FreeBSD/i386 is the only port left that generates install floppies.
Their primary purpose is to fascilitate installing FreeBSD on systems
where a CDROM is either not available or is incompatible with the
'Non-Emulated El Torito' boot method that we use on our CDs. Systems that
cannot boot these CDs are typically those that are also not certified for
WinNT4, Win2K, or WinXP. Thus, nearly all machines produced after 1997
can boot our CDs.
It is certainly possible to run FreeBSD 5.x on machines of this and prior
vintage, and I certainly do not want to dispute or question any motives
here. However, the number of machines in this category is steadily
declining as time goes on, while the effort put into supporting install
floppies seems to be on the rise. I certainly do not want to orphan these
machines, so we need to find a compromise.
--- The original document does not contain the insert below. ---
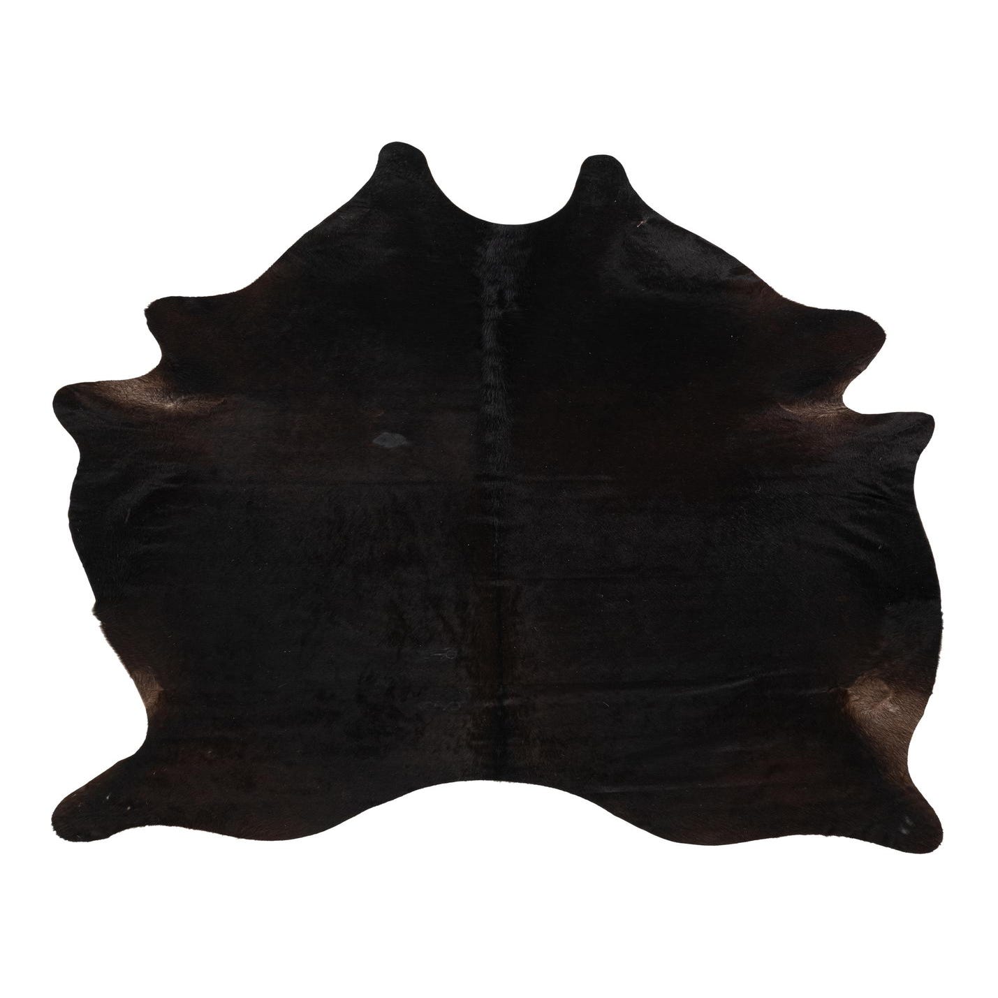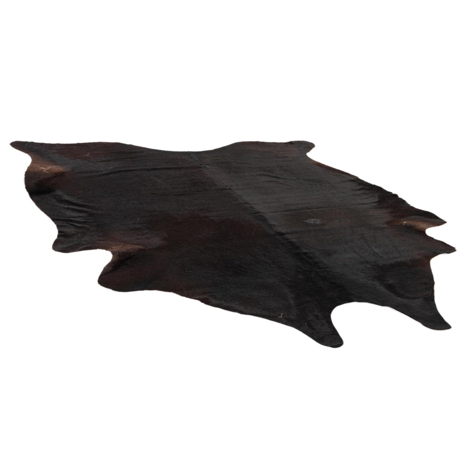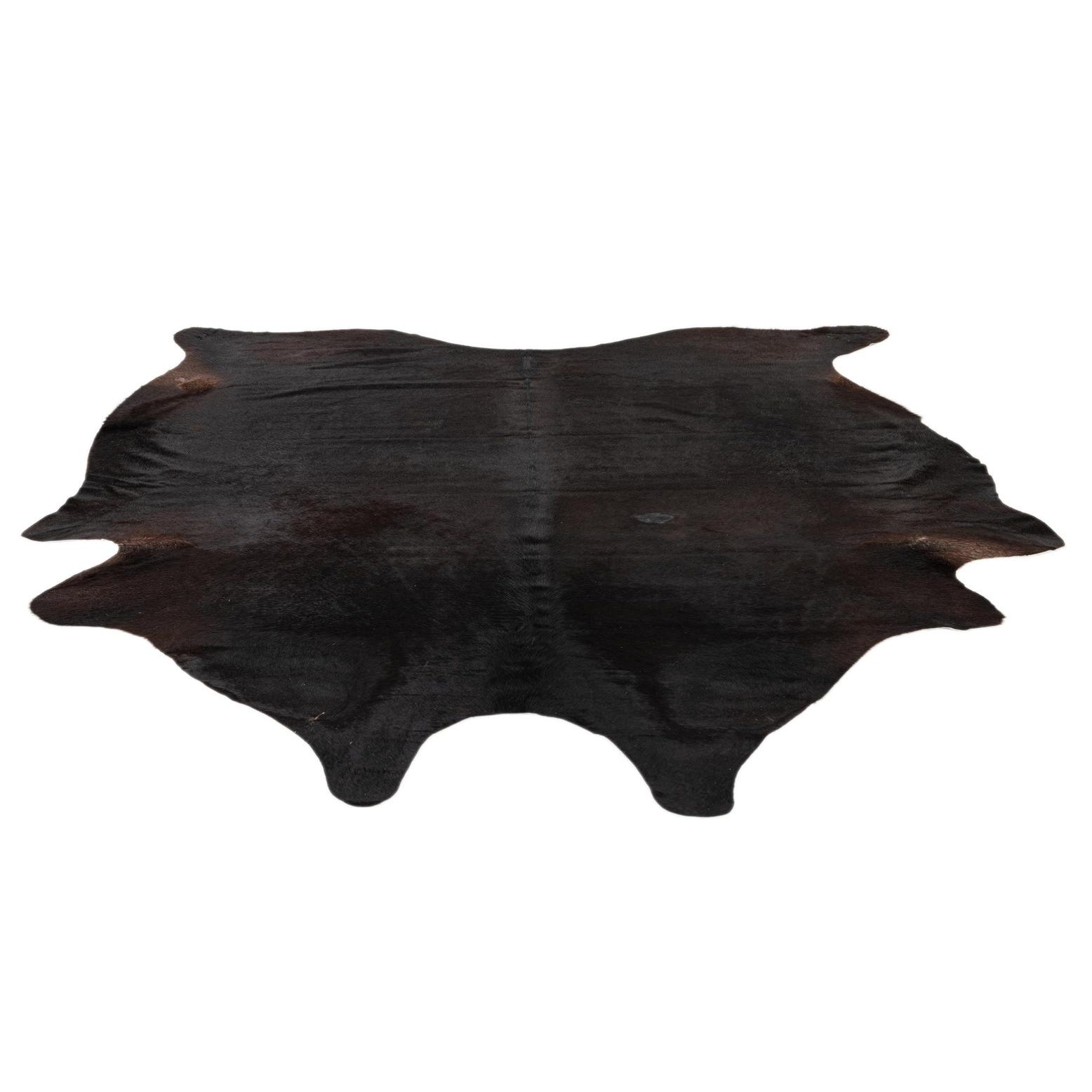 A 6x9 rectangular black cowhide rug with a natural, irregular shape, ideal for a modern living room.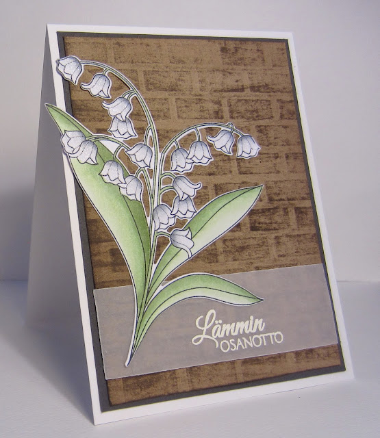 ...and as last week, I went with the bricks again. :) I used the same stencil too but this week I used it as an embossing folder in my Cuttlebug. Worked pretty well! I added some ink to the embossed panel, partly swiping with the ink pad (love the stripes that technique gives) and partly inking with a blending tool. After I had the bg ready I didn't know what to do... So I did what I so often do and colored in a simple flower image. :) This one is from PTI and has a really calm, soothing feel I think... So this became a condolences card with a Finnish sympathy sentiment heat embossed on vellum.

One solution is to find a dedicated 'floppy maintainer' that will
frequently assess the floppies during the normal developement periods and
work closely with the Release Engineering team to ensure that there are
few surprises when it's time to cut a release. I would expect this person
to develop and execute a test plan that covers all of the common aspects
of installing via floppy: basic sanity checks, loading drivers, installing
via the various mechanisms, etc. This person should also be comfortable
with modifying makefiles and the sysinstall source.
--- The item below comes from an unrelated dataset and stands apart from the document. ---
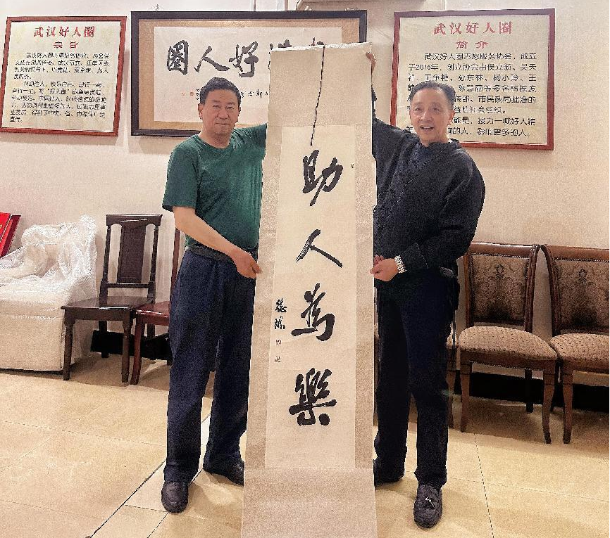 5月17日,武汉好人圈志愿服务协会(以下简称“武汉好人圈协会”)会长侯立新邀请甘肃大漠紫光生物科技有限公司董事长柴在军一行参观武汉好人圈协会,走进“武汉好人馆”,并开展座谈会。侯立新带领柴在军参观座谈会上侯立新表达了对柴在军的欢迎,再次感谢了甘肃大漠紫光生物科技有限公司在2020年武汉疫情最艰难的期间所赠送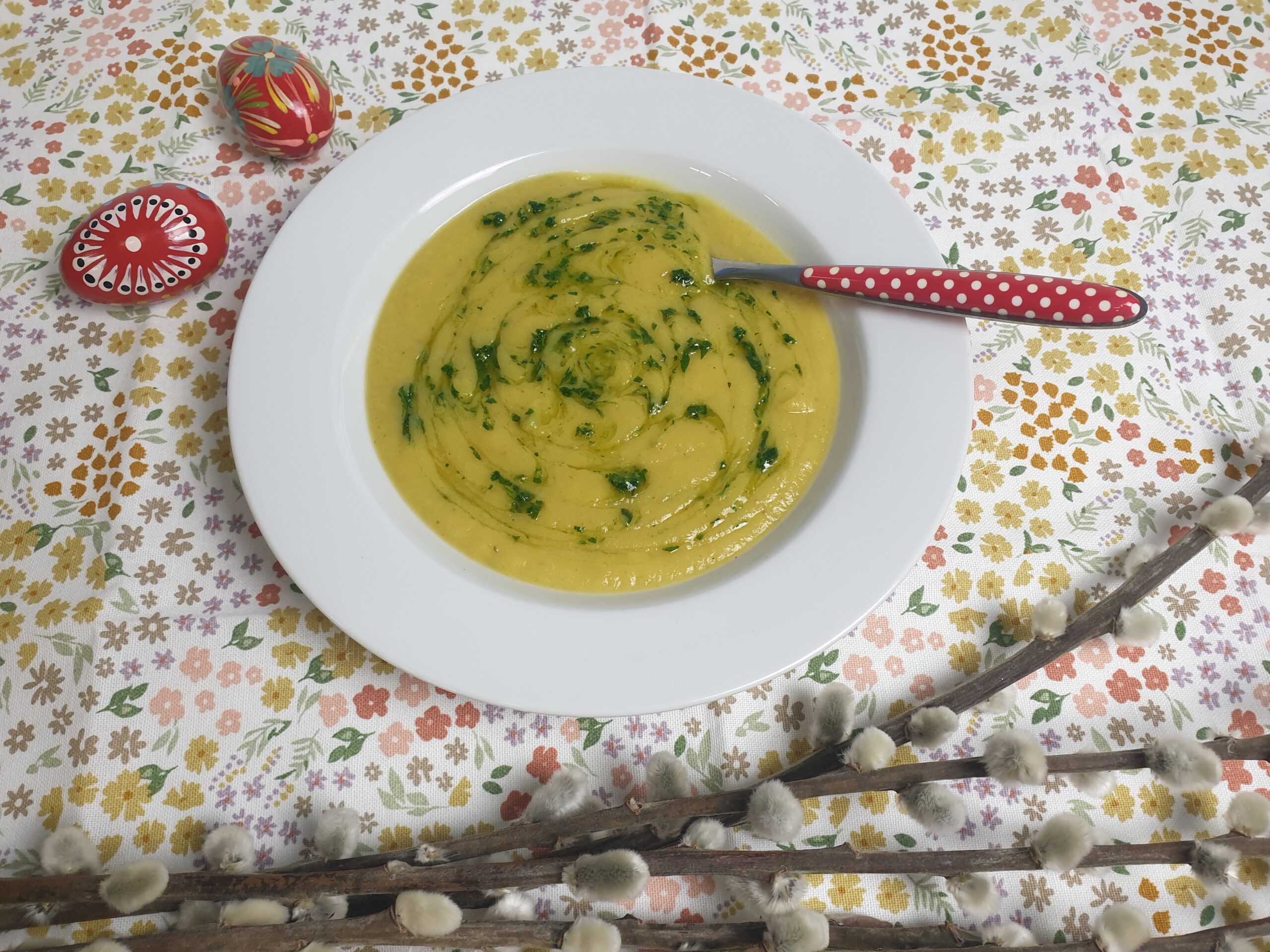 We twijfelden even om pastinaak in het pakket te stoppen, maar de gewone peen was niet leverbaar en bovendien willen we toch met zijn allen lokaal eten en klimaatbewust doen? Nou, dan moet de pastinaak nog even op, we kunnen tenslotte niet alleen maar raapsteeltjes en rucola eten, de stevige groenten komen nu nog niet vers van het land. Trouwens, de peterselie op ons land groeit ook lekker door en dat was meteen de inspirator voor deze paas-tinaaksoep. En hoewel pastinaak in Huize Kievit een wat minder geliefde groente is, kreeg dit soepje een prima waardering.

The other solution is to replace install floppies with an 'Emulated El
Torito' CD image. I'm not going to go into the differences between
'non-emulated' and 'emulated' except to say that 'emulated' is the method
used on FreeBSD 4.x (and prior), Win95, and Win98. Virtually every system
in existance that supports a CDROM supports this method. This image would
contain the loader, kernel, and MFS root, just like the current
'bootonly.iso' image, but would be configured for emulated booting. Users
could download this image, burn it, boot it, and then install FreeBSD just
like they normally would. Of course this adds the requirement of needing
a CD burner, but these devices are becoming common enough that it could
be a reasonable expectation.
Switching to this method doesn't entirely remove the headache of release
floppies, but it does make it signficantly easier to deal with them. The
'emulated' method actually uses a 2.88MB floppy image that combines the
first two 1.44MB floppies that we traditionally produce. By combining
them, we have a bit more flexibility since the driver modules that are on
the second floppy can go back into the kernel image and benefit from the
compression that happens there.
So, this is something to consider before 5.3. After that, we are
stuck with the consequences of whatever we choose (or don't choose) for
the entire 5.x lifespan. I do not cherish the thought of fighting
floppies for another 2-3 years. I'm happy to work with someone who steps
forward and is committed to maintaining the floppies as they are today.
Otherwise, we need to seriously consider the alternative.